Monday, June 4, 2012

Doctorow on As I Lay Dying

An excerpt from the novelist E.L. Doctorow's recent reflections on Faulkner and As I Lay Dying (NYRB, May 24, 2012):


Faulkner had never lived as rarefied an existence as Hemingway, a man who organized his life around pursuits—hunting, fishing, writing, war reporting. Faulkner’s life was messier, less focused, a struggle from the beginning to make enough money to survive: he was a school dropout, and worked at various jobs—postmaster, bookstore clerk—and he held down the midnight shift in a coal-fired power plant, where, as it happened, he wrote most of As I Lay Dying. He was an air cadet in Toronto when World War I ended and unlike Hemingway had to pretend to the combat experience that had eluded him. He wrote poetry before he ever considered fiction, fell in love with a woman who married someone else, bought a house in some disrepair and did all the renovations himself, lost his brother to an airplane accident for which he felt responsible, and became a heavy drinker presumably to deal with the intensity of his writing life.

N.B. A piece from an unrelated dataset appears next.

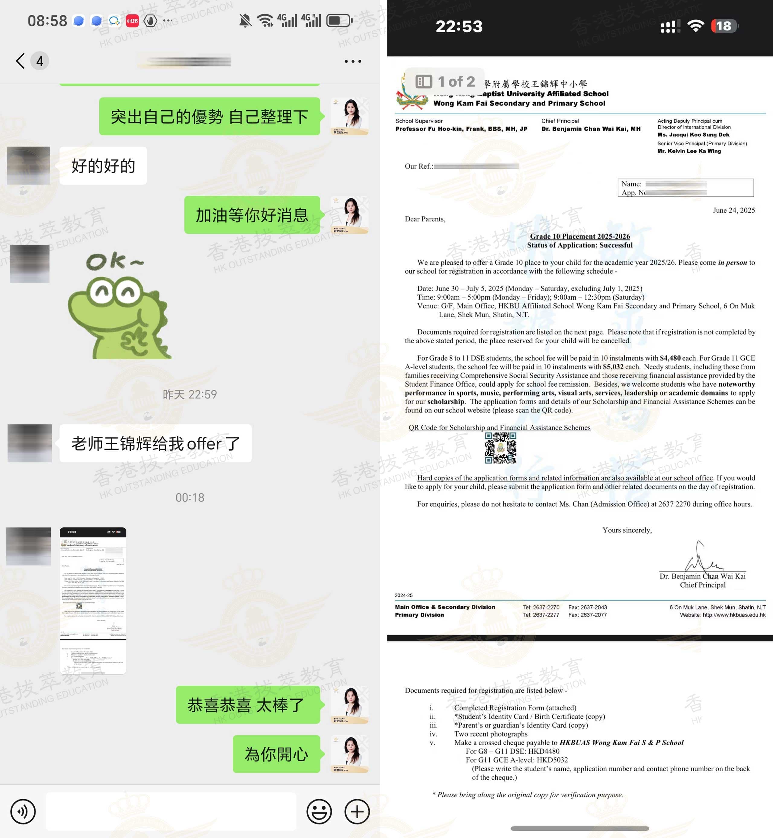 恭喜拔萃的学生顺利收到王锦辉的中四offer!老实说,这份offer拿的真不容易,王锦辉本来就学位很紧张,高年级转校就更难~

Some of this hits home for me, because I've written a book about the relationship-rivalry between Faulkner and Hemingway. Both writers, to some degree, had lives that were messy and unfocused--though for different reasons.

Doctorow's take on As I Lay Dying is compelling. We could think a lot of how courage is explored in the novel--especially with Jewel and Addie Bundren.